Choose what actions you need to perform with the kernel, and click “Run.”
It will take a couple of minutes for the system to complete the specified actions. The report is available for download as an .xlsx file.
To download the report in the “Task List”, click on the “Download XLSX” button.
The report consists of two pages:
- list of words cleared of duplicates;
- initial settings (initial list of words and settings for necessary actions with the kernel).
In the example, the source list consisted of 3492 queries. After cleaning, their number was reduced to 2828 words, that is, duplicates occupied 19% of the core.
3. Delete words with zero frequency
For contextual advertising purposes, words with a near-zero frequency are not of interest, since there will be no impressions for them. Such words are best removed immediately.
To check the frequency of a large array of keys, Click.ru has parser wordstat. It collects frequencies from the left column of Wordstat. It parses frequency in any Yandex region and takes into account the type of keyword matching.
How to use the tool
Go to tool page. Add queries.
Select the region over which the instrument will pars frequencies.
Specify frequency collection parameters. The tool collects frequencies according to requests in a broad correspondence, fixes the number of words and morphology, fixes the word order.
Read more about the features of the Wordstat parser in the article: “How to quickly determine the frequency in Wordstat”
To start the task, click the “Run Scan” button. The collection time depends on the number of requests, regions, and match types.
The report is available in the task list in XLSX format.
The report indicates the frequency of requests in different types of compliance. Delete words with zero and near-zero frequencies.
Important! Be careful with keywords related to seasonal goods / services. In Wordstat, statistics are collected for the last month, so if there is a recession in your niche now, the frequency will be low. We wrote in detail about frequency analysis in Wordstat here. Google Trends can also help. They also told how to work with him.
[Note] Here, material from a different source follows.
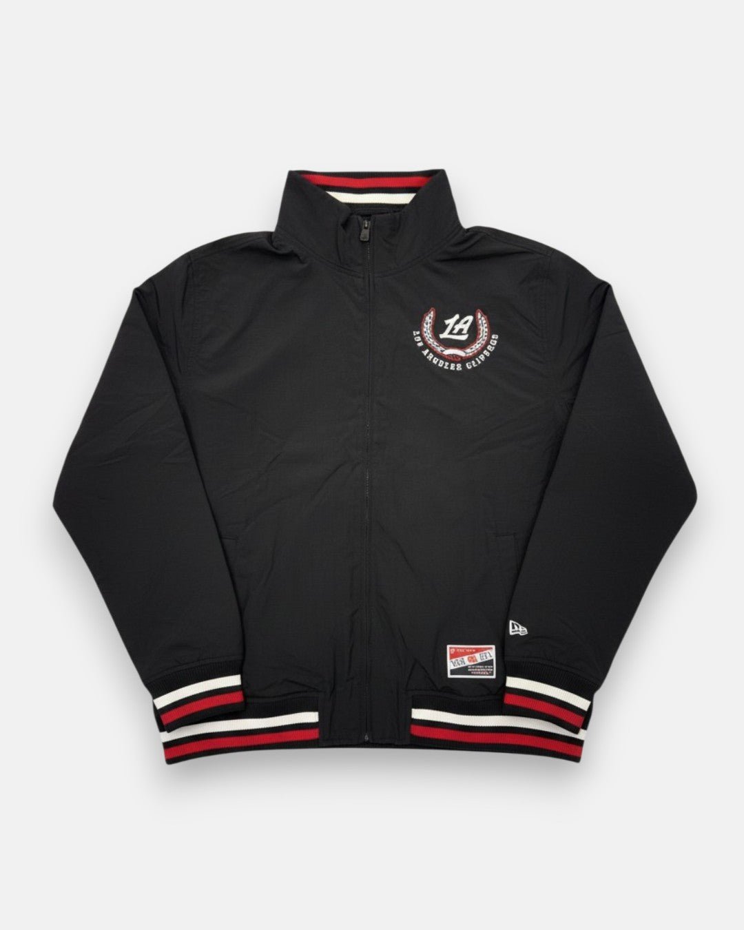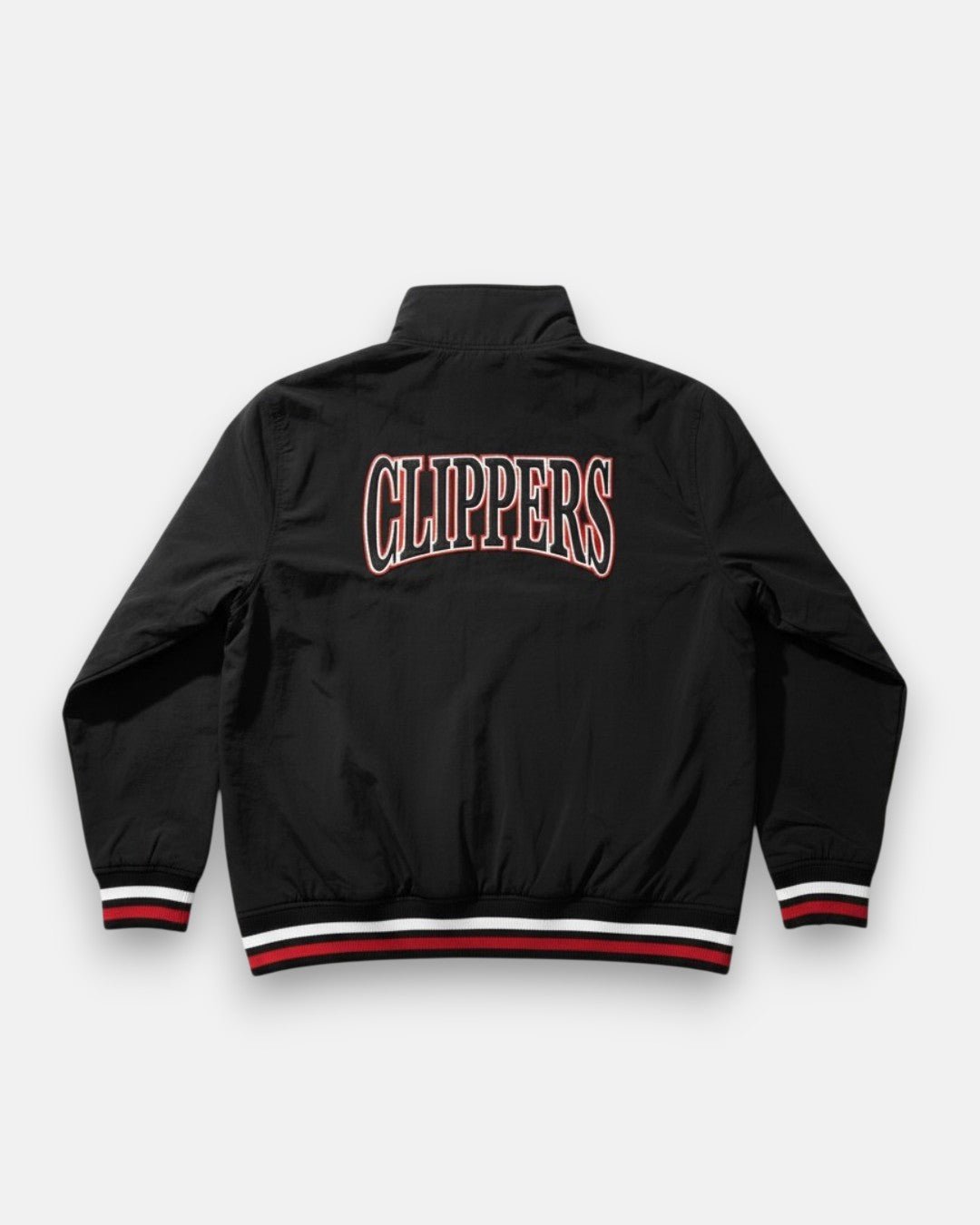 Layer up in classic team style with the LA Clippers Full-Zip Varsity Jacket. This sleek black jacket features bold Clippers lettering across the back and a Los Angeles Clippers crest graphic on the chest for a timeless fan look. Ribbed striped cuffs and hem add a varsity-inspired finish, making it a versatile piece for game days or everyday wear.

After removing the “nulls,” you can proceed to group words.
4. Break the collected words into groups and complete the kernel cleanup
To group keywords use clustering. The tool groups words based on a comparison of TOPs of search results in a given region. The tool is usually used by SEO-specialists to break the keys on the pages. But it is also well suited for contextual advertising.
How to use the tool
Go to tool page. For ease of navigation in reports, indicate the website address and name the project.
Upload requests with a file or list. The list should contain at least 20 queries.
Choose a clustering method. Two options are available: comparison of TOPs and professional settings. In the settings, specify the search engine, the accuracy range, the number of words in the cluster (for professional settings). Click on the “Start Clustering” button.
Read more about the configuration and capabilities of Click.ru clustering in the article “How to group key queries using clustering?”
Download the report in the task list.
In the report, requests for ads are grouped in clusters based on search results. View the report and delete the clusters with irrelevant queries. It is much more convenient to do it right now, and not one word at a time during the selection.
As a result, you get grouped and garbage-free semantics, ready for use.
Not enough words for semantics – expand the list
It happens that after cleaning the list of words is greatly reduced. In this case, use the tools to expand the semantics:
Read more about expanding the kernel in a narrow niche in the article “How to expand the English-language semantics for search advertising in a narrow niche.”
Another option for replenishing semantics is keyword parsing, which launched the advertising of competitors using a free parser. Details about him – link.